The bits: label for the primitive combine functions makes it clear that the bit width of integer values is significant.

The implementation of hash(into:) for integer types is currently quite a bit more complicated than that. I hope to make hasher.combine(foo) mean the same thing as hasher.combine(bits: foo) for all integer types, but it will take more discussion and some extra work.

(For Int, the current implementation does indeed end up calling combine(bits: Int), but this is an accidental consequence of Hasher not implementing the full API proposed here, and we will likely need to change it once we have combine(bits: Int8) working.)

We shouldn't be doing unnecessary work. However, as far as I can see, commutative hashing requires calculating a separate hash value for each element, and spawning a new hasher is simply the correct way to do that.

Hasher.finalize() is not in itself slow; calling it only harms performance when the call can be eliminated.

Can you provide an example how a Hasher protocol would make things faster here? (I'd hesitate to have Set and Dictionary produce weaker hash values.)

This is a good point!

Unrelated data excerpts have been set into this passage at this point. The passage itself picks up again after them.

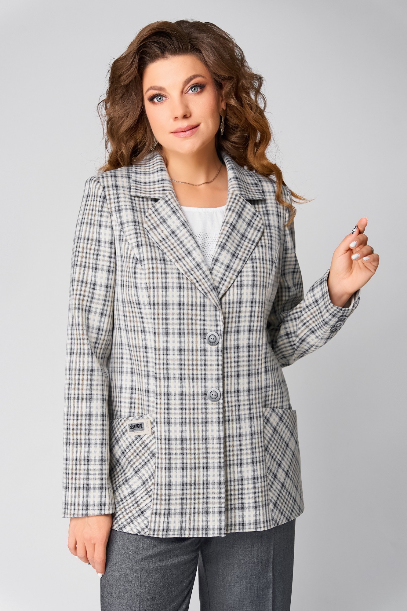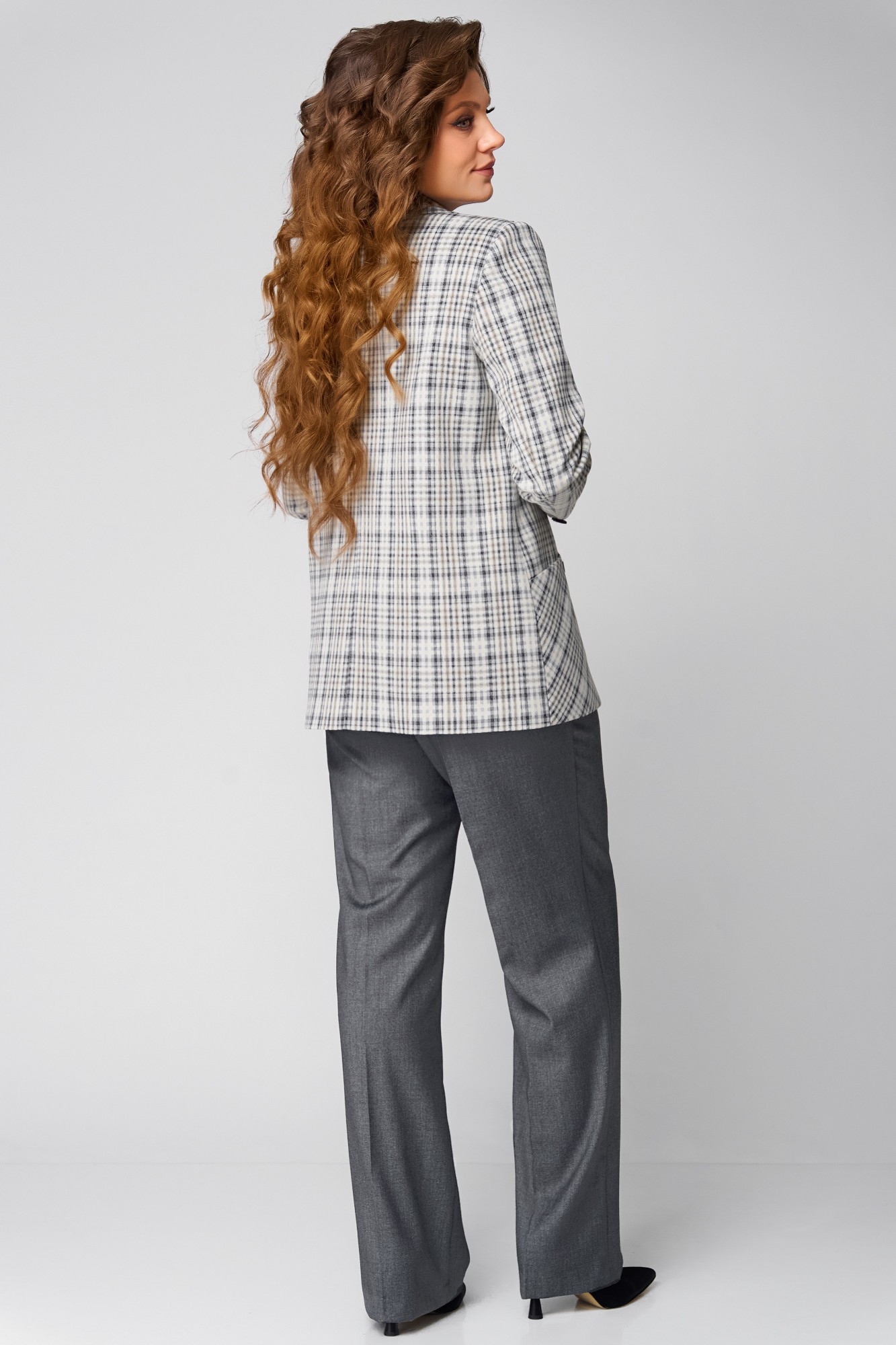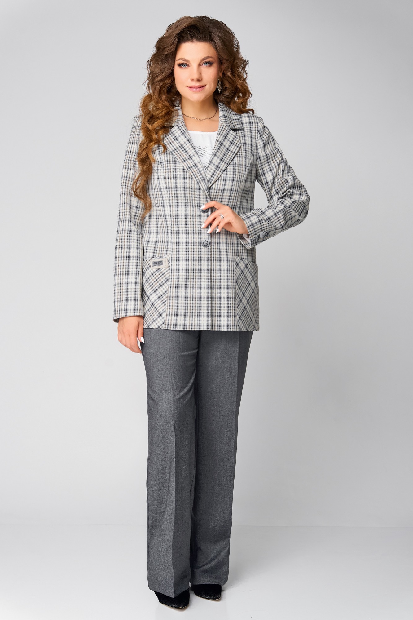 Брючный костюм FITA 1487 тройка бежево-серый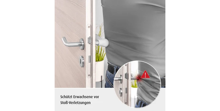 Die Griff-Ummantelung dämpft schmerzhafte Stöße an Türklinken zuverlässig ab. Dabei schützt sie nicht nur Kinder vor Kopfverletzungen, sondern verhindert auch Stoßverletzungen im Rumpf- oder Armbereich von Erwachsenen. Zudem sorgt sie dafür, dass Wände, Möbel oder andere Gegenstände durch unbeabsichtigtes Türaufschlagen nicht in Mitleidenschaft gezogen werden und hässliche Macken entstehen.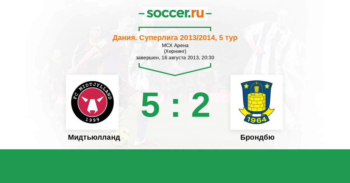 Мидтьюлланд - Брондбю: обзор матча 16 августа 2013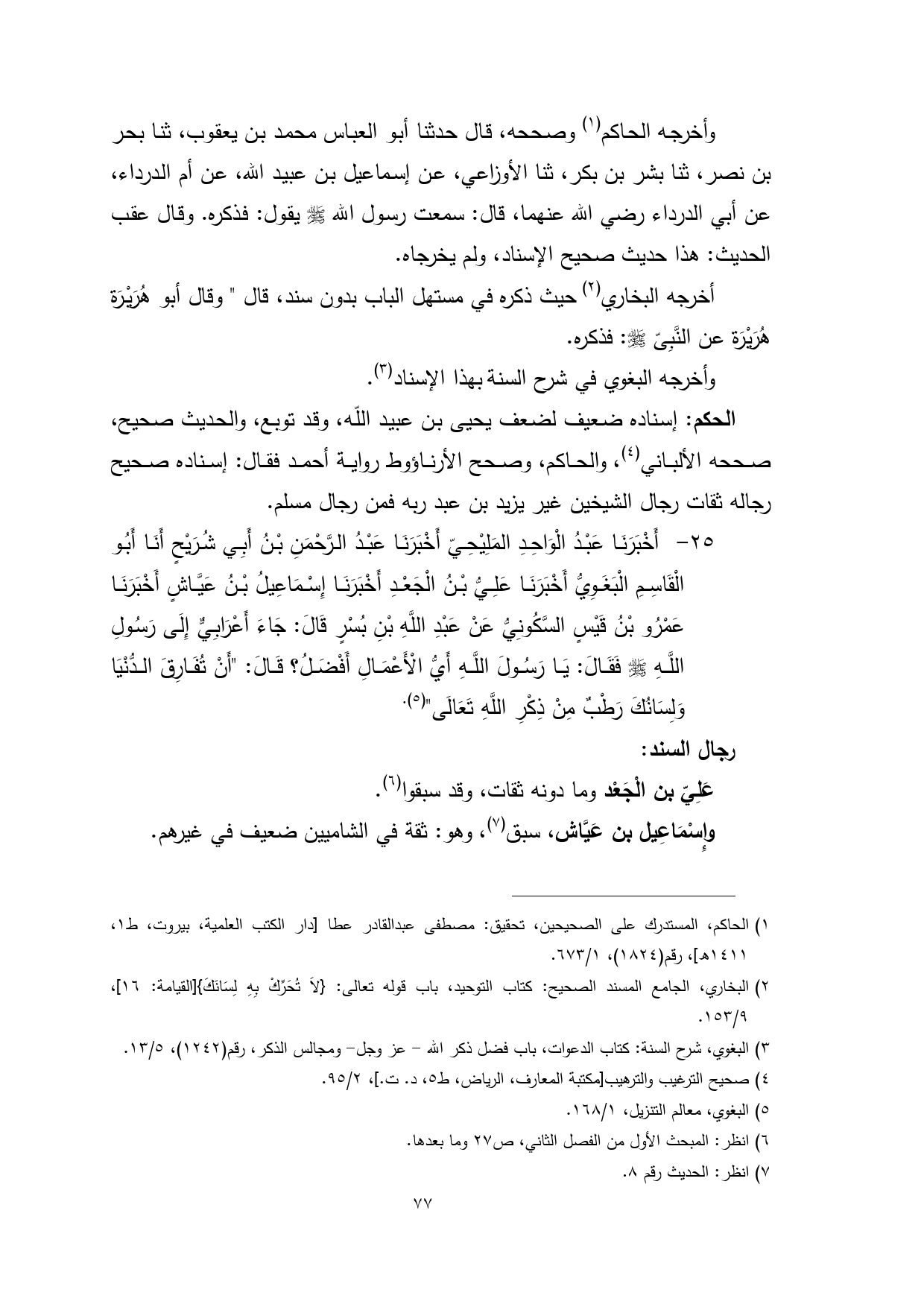 25 - أَخْبَرَنَا عَبْدُ الْوَاحِدِ المَلِيْحِيّ أَخْبَرَنَا عَبْدُ الرَّحْمَنِ بْنُ أَبِي شُرَيْحٍ أَنَا أَبُو الْقَاسِمِ الْبَغَوِيُّ أَخْبَرَنَا عَلِيُّ بْنُ الْجَعْدِ أَخْبَرَنَا إِسْمَاعِيلُ بْنُ عَيَّاشٍ أَخْبَرَنَا عَمْرُو بْنُ قَيْسٍ السَّكُونِيُّ عَنْ عَبْدِ اللَّهِ بْنِ بُسْرٍ قَالَ: جَاءَ أَعْرَابِيٌّ إِلَى رَسُولِ اللَّهِ - صلى الله عليه وسلم - فَقَالَ: يَا رَسُولَ اللَّهِ أَيُّ الْأَعْمَالِ أَفْضَلُ؟ قَالَ: "أَنْ تُفَارِقَ الدُّنْيَا وَلِسَانُكَ رَطْبٌ مِنْ ذِكْرِ اللَّهِ تَعَالَى" (¬5).
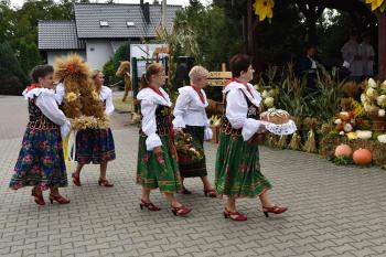 Uroczystość rozpoczęła się Mszą Świętą polową przy OSP Harmęże, której przewodniczył ks. Arkadiusz Bąk. Po nabożeństwie sołtys Harmęż, Adam Zieliński serdecznie przywitał wszystkich zebranych gości i mieszkańców. Następnie głos zabrał wójt gminy Oświęcim Mirosław Smolarek, otwierając oficjalną część dożynek.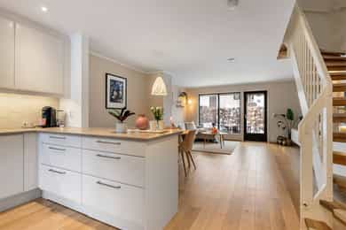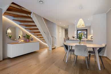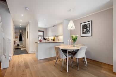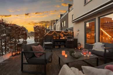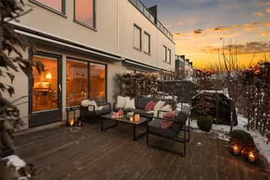 Velkommen til Møllerløkka 49 - Et moderne og lekkert rekkehus fra 2019, som strekker seg over tre etasjer. Attraktivt og barnevennlig boligområde på Vøyenenga i Bærum. Boligen har en svært sentral beliggenhet med kort vei til barnehage, skoler, dagligvarebutikk og offentlig kommunikasjon. For den aktive familien byr nærområdet på flotte tur- og rekreasjonsmuligheter med nærhet til marka. Dette er en bolig som må oppleves! Kort fortalt: - Flott kjøkken med integrerte hvitevarer - Pent og arealeffektivt bad + WC/gjestetoalett - Takterrasse og terrasse med svært gode solforhold - Automatiske markiser i 1. og 3. etasje - Parkering m/ lader - Svært barnevennlig - Barnehage og butikk i umiddelbar nærhet - Aktivitetspark og Kirkerudbakken ligger like utenfor hagebyen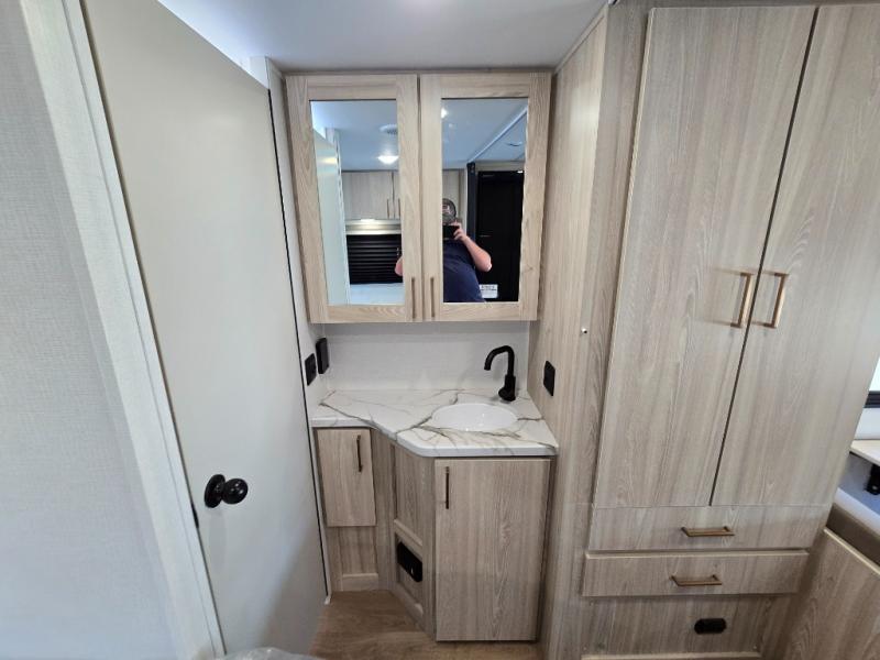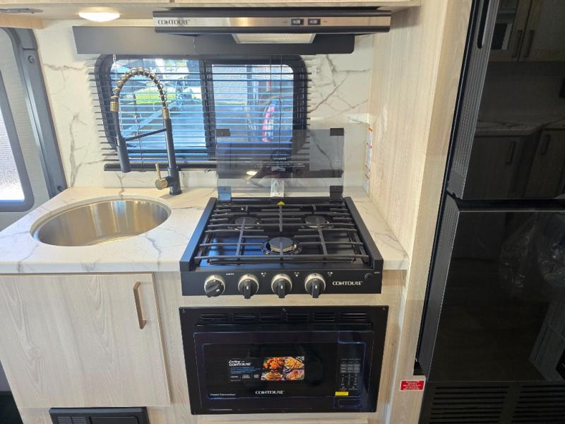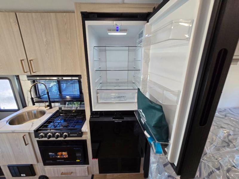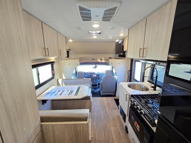 The journey will be oh-so enjoyable when you use this Entrada Class C gas motorhome to explore! You will be able to create meals each day you are on the road because the kitchen has everything you will need, like a convection microwave with air fryer technology, a round sink, a cooktop, a flip-up countertop, and a 10.7-cubic foot refrigerator. There is even a pantry/wardrobe to store spices, chips, or canned goods. The rear of this unit includes the queen bed in one corner and the private bath in the other, and you can close the privacy curtain here to make a master bedroom for extra comfort!

We changed the name from append to combine late in the drafting process; I think combine is clearly better, but it does not by itself imply strict ordering. We can (and should) make up for this in the documentation. (append is uncomfortably close to Array.append. While Hasher.combine and Array.append are similar operations in an abstract sense, they actually mean completely different things.)

I agree too, and your implementation is the correct way to do it. (I.e., spawning/finalizing a separate hasher to generate the cached hash, then feeding the hash value in hash(into:).)

Note that caching the hash involves mutating operations, so for value types, you cannot do it directly in hash(into:). (This is by design, and the same applied for hashValue.) This is not a real limitation, as you can simply force-generate the cached hash sometime before you start using the value in hashing contexts.

Hm; maybe we should simply turn the example into a demonstration of how the compiler implements hash(into:). It would serve the same purpose,, but it would avoid getting bogged down in questions like why wouldn't you want to hash the color of a GridPoint.

It seems to me this wouldn't carry its weight as an API. It isn't clear that we'd be able to implement it well. People implementing hashable collections would still need to be aware that they need to call this function, so we'll need to call it out somewhere in the docs. But we may just as well describe what they need to do and why.

Not without knowing more details about the collection! In particular, unless we know more about the elements, combining the count seems like a better choice than any constant bit pattern.